Dataset excerpt:
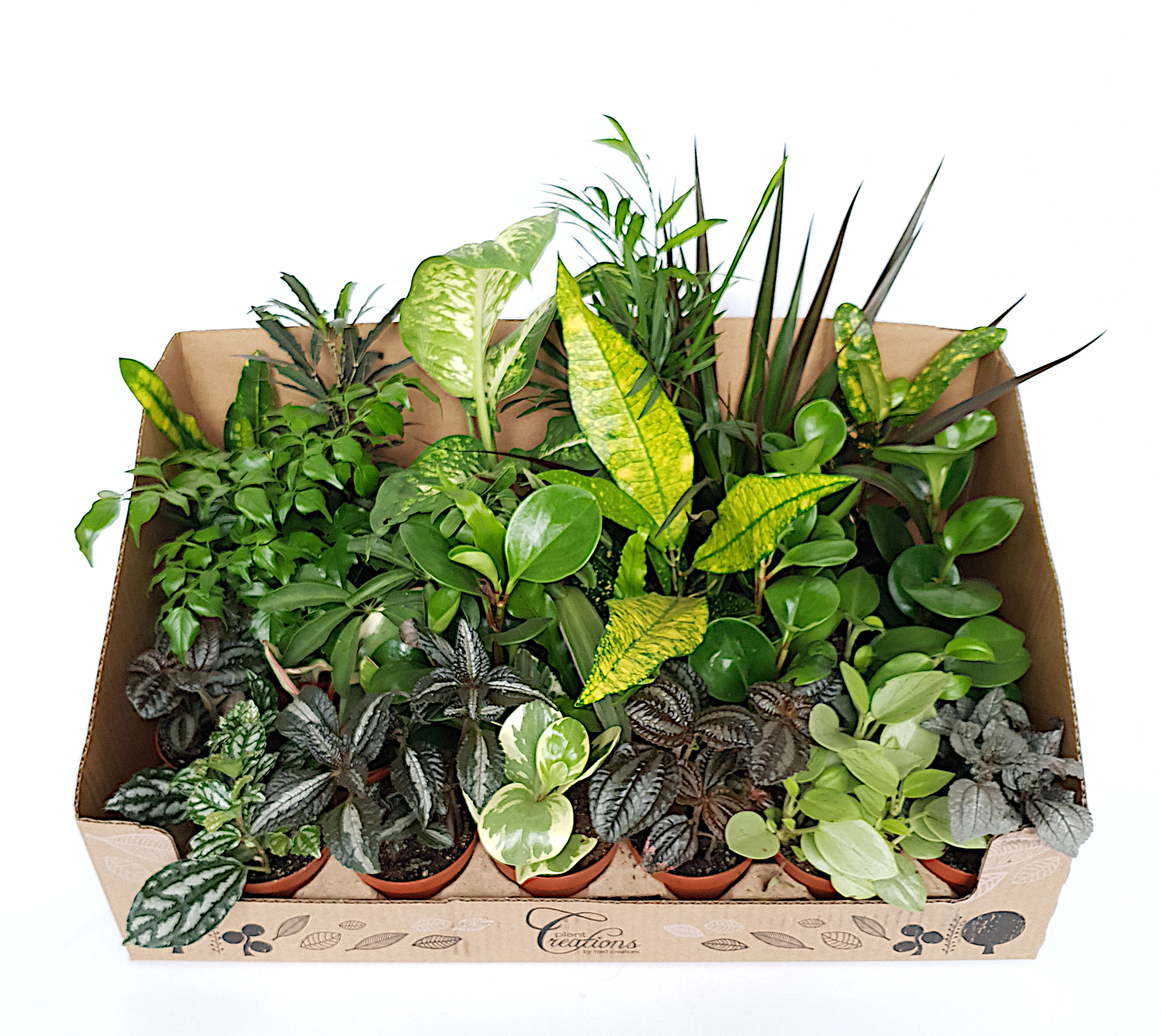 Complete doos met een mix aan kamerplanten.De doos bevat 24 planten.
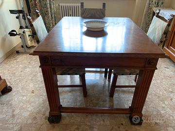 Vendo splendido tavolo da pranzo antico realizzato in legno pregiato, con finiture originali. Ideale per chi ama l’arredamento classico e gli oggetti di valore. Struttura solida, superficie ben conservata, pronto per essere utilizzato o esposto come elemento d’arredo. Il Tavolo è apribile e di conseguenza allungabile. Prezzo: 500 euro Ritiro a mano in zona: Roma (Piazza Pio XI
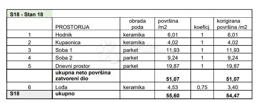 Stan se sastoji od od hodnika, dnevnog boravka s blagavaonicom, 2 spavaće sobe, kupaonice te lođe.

Task requirements:
An exact transcript of the listing is needed, free of pictures.

Answer to the exercise:
 Complete doos met een mix aan kamerplanten.De doos bevat 24 planten.
 Vendo splendido tavolo da pranzo antico realizzato in legno pregiato, con finiture originali. Ideale per chi ama l’arredamento classico e gli oggetti di valore. Struttura solida, superficie ben conservata, pronto per essere utilizzato o esposto come elemento d’arredo. Il Tavolo è apribile e di conseguenza allungabile. Prezzo: 500 euro Ritiro a mano in zona: Roma (Piazza Pio XI
 Stan se sastoji od od hodnika, dnevnog boravka s blagavaonicom, 2 spavaće sobe, kupaonice te lođe.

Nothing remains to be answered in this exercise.